### Exercise prompt
Look through the data below and output, unchanged, every line from the one holding "Der praktische, weiße" through the one holding "Задание 1. Система", inclusive. Skip the pictures.

### Data records
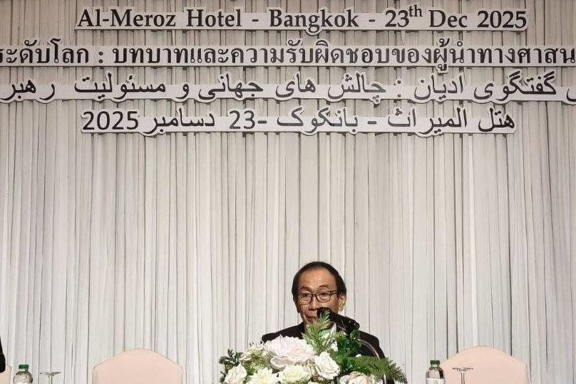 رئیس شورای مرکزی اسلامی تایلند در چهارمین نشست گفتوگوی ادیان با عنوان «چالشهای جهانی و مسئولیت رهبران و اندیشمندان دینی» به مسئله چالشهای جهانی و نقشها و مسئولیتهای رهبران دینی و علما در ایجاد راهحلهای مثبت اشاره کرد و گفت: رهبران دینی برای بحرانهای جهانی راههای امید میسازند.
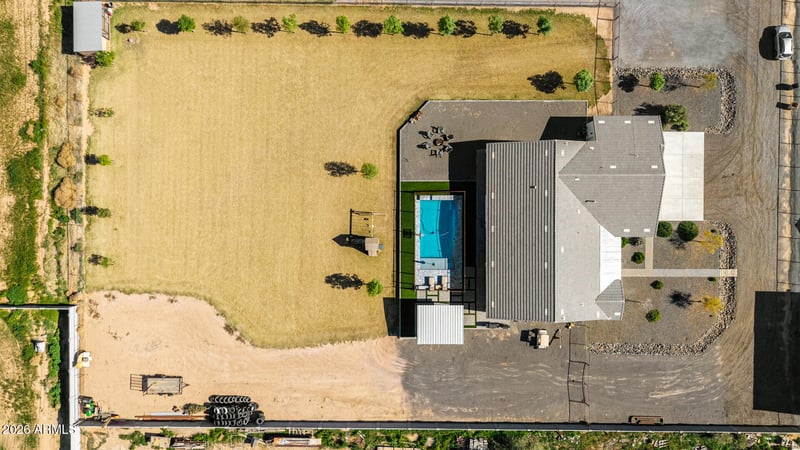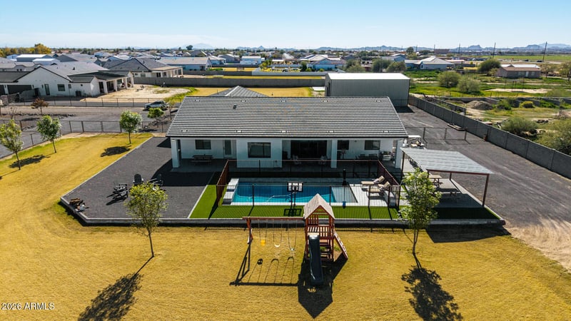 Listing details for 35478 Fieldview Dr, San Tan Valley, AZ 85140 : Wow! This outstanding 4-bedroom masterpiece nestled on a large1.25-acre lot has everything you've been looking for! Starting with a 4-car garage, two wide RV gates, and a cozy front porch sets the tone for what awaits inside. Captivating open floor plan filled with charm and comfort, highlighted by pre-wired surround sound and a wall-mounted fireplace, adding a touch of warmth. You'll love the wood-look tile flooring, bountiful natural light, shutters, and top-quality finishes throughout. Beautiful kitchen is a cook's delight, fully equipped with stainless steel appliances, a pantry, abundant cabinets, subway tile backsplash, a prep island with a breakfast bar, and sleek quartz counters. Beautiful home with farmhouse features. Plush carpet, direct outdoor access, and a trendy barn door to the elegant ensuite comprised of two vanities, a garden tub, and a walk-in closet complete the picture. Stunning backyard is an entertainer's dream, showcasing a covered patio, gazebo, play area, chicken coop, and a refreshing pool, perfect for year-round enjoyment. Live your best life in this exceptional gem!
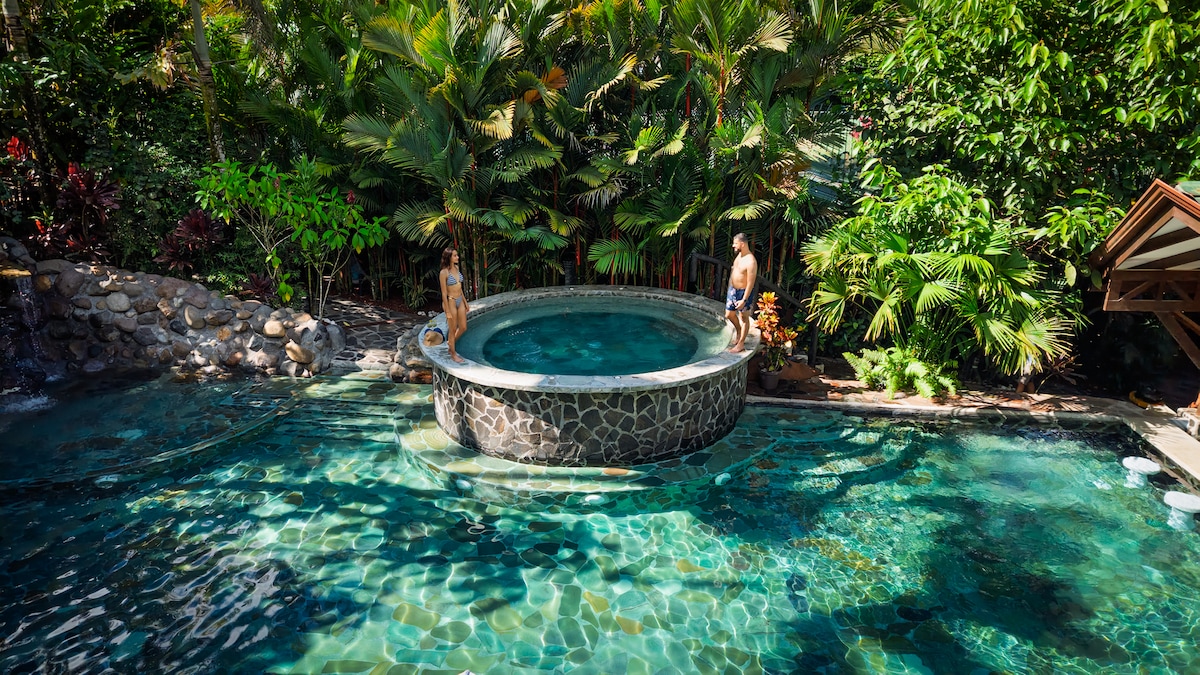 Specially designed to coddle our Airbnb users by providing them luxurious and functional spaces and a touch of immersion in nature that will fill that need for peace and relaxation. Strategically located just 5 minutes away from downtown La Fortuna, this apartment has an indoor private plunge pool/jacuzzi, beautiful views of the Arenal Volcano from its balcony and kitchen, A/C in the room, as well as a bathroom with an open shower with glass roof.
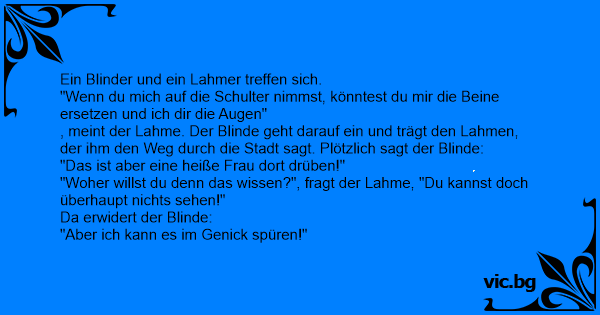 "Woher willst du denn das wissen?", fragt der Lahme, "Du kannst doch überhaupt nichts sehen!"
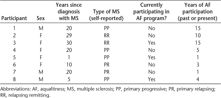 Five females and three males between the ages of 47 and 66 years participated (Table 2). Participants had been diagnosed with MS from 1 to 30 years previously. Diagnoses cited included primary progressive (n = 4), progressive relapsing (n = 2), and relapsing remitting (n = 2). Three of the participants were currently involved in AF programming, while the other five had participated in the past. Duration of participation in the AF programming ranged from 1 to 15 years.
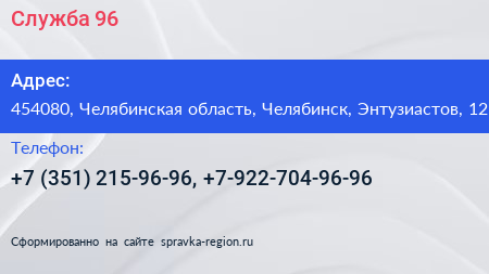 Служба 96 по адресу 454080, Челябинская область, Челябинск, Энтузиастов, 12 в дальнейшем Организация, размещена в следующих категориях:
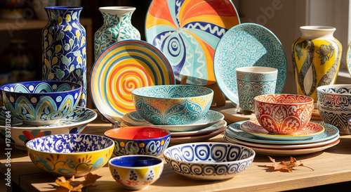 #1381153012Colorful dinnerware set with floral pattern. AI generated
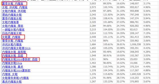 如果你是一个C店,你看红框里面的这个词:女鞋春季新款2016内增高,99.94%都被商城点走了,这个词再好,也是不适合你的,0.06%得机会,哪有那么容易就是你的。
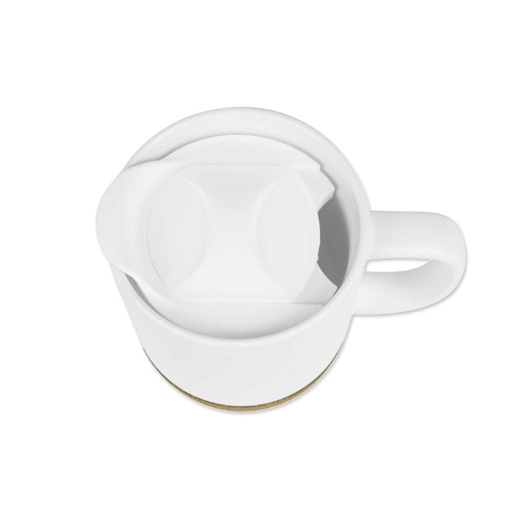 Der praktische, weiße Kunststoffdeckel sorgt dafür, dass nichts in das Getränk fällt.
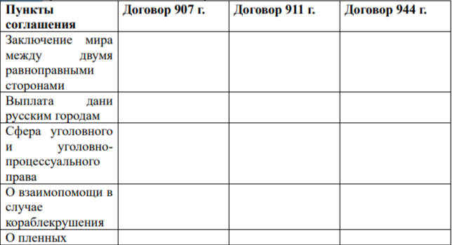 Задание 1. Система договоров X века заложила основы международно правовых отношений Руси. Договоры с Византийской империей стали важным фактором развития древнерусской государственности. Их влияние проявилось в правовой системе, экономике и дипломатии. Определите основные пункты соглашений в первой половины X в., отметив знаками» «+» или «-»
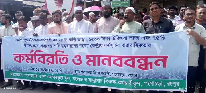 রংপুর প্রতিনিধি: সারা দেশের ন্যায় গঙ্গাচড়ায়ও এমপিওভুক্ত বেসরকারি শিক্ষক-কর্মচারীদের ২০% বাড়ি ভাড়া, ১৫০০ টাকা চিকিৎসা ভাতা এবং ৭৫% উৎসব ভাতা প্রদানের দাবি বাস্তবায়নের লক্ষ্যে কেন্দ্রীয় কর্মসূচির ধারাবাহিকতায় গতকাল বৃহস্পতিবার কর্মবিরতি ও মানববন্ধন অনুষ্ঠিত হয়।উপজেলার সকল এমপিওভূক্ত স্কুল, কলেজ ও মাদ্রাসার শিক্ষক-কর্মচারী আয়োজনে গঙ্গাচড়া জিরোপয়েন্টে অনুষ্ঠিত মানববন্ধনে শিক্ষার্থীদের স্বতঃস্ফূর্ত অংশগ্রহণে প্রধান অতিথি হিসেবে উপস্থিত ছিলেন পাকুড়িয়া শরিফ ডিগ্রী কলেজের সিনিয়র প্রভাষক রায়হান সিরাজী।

### Problem solution
 Der praktische, weiße Kunststoffdeckel sorgt dafür, dass nichts in das Getränk fällt.
 Задание 1. Система договоров X века заложила основы международно правовых отношений Руси. Договоры с Византийской империей стали важным фактором развития древнерусской государственности. Их влияние проявилось в правовой системе, экономике и дипломатии. Определите основные пункты соглашений в первой половины X в., отметив знаками» «+» или «-»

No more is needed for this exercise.